Exercise details> Copy out exactly the lines from the one containing "Wandertag in Münsters" through the end of the records, and no pictures.

────────────────────

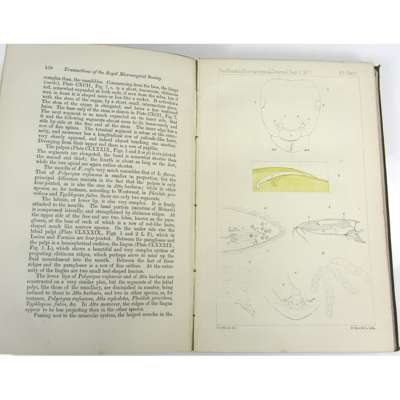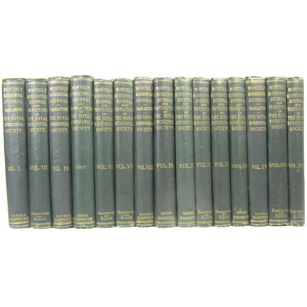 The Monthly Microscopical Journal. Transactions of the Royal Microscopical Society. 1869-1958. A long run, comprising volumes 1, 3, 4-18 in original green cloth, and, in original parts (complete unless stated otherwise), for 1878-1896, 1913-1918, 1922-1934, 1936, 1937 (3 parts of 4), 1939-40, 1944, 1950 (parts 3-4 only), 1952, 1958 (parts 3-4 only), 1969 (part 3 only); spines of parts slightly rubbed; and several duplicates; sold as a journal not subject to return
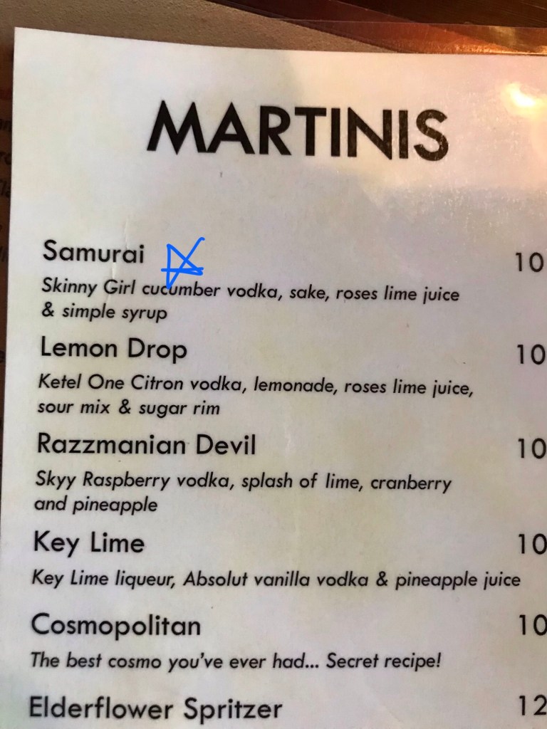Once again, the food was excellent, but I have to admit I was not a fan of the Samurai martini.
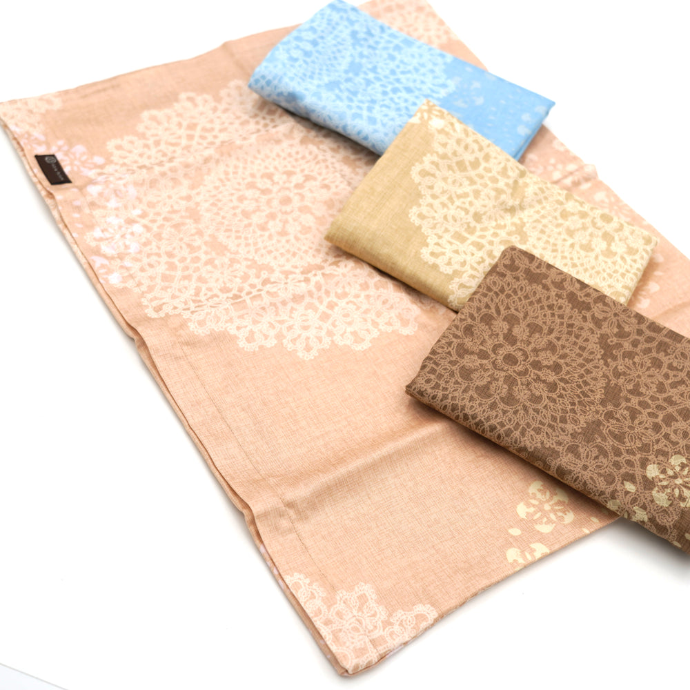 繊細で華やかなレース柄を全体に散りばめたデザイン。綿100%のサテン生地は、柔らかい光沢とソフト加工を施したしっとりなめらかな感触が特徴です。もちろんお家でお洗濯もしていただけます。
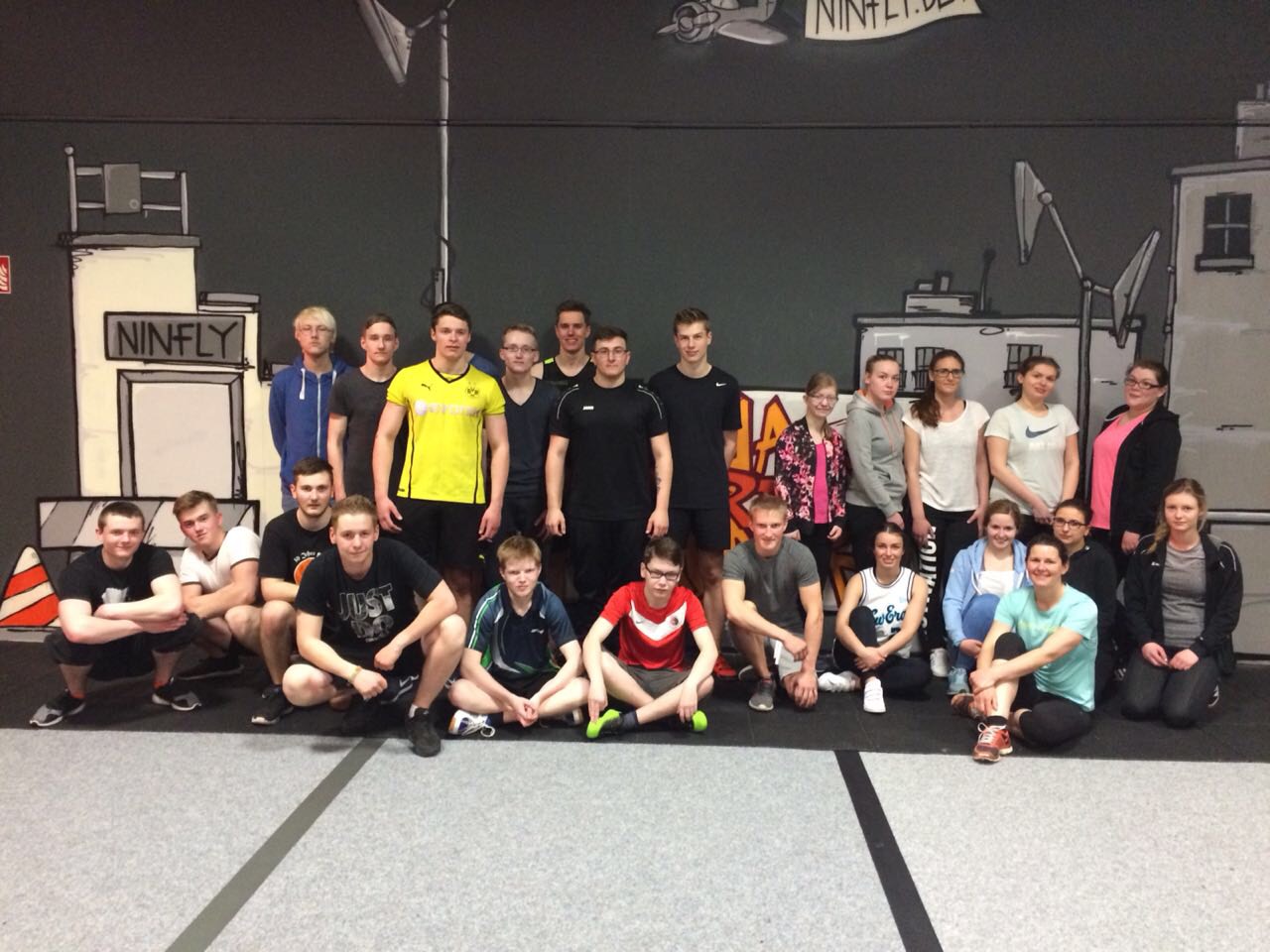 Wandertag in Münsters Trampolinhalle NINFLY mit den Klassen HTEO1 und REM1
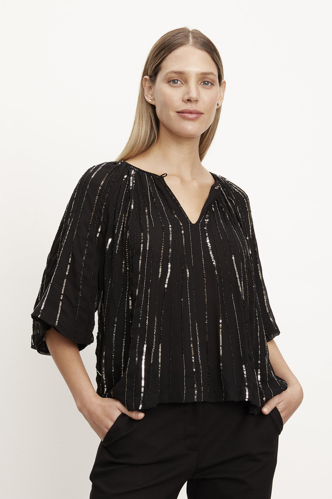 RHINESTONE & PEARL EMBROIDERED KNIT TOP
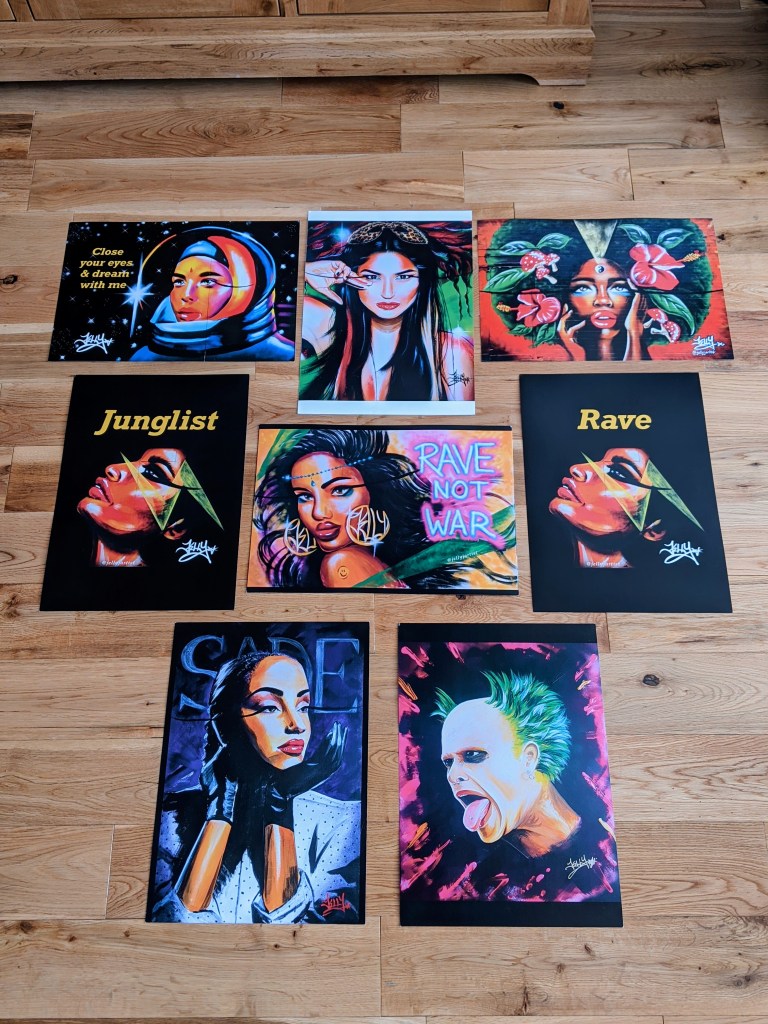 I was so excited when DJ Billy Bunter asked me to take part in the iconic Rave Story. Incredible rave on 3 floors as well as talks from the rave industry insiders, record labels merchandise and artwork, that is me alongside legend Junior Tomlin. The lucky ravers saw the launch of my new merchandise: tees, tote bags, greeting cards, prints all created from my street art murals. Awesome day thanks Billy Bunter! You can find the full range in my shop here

────────────────────

Answer space>
 Wandertag in Münsters Trampolinhalle NINFLY mit den Klassen HTEO1 und REM1
 RHINESTONE & PEARL EMBROIDERED KNIT TOP
 I was so excited when DJ Billy Bunter asked me to take part in the iconic Rave Story. Incredible rave on 3 floors as well as talks from the rave industry insiders, record labels merchandise and artwork, that is me alongside legend Junior Tomlin. The lucky ravers saw the launch of my new merchandise: tees, tote bags, greeting cards, prints all created from my street art murals. Awesome day thanks Billy Bunter! You can find the full range in my shop here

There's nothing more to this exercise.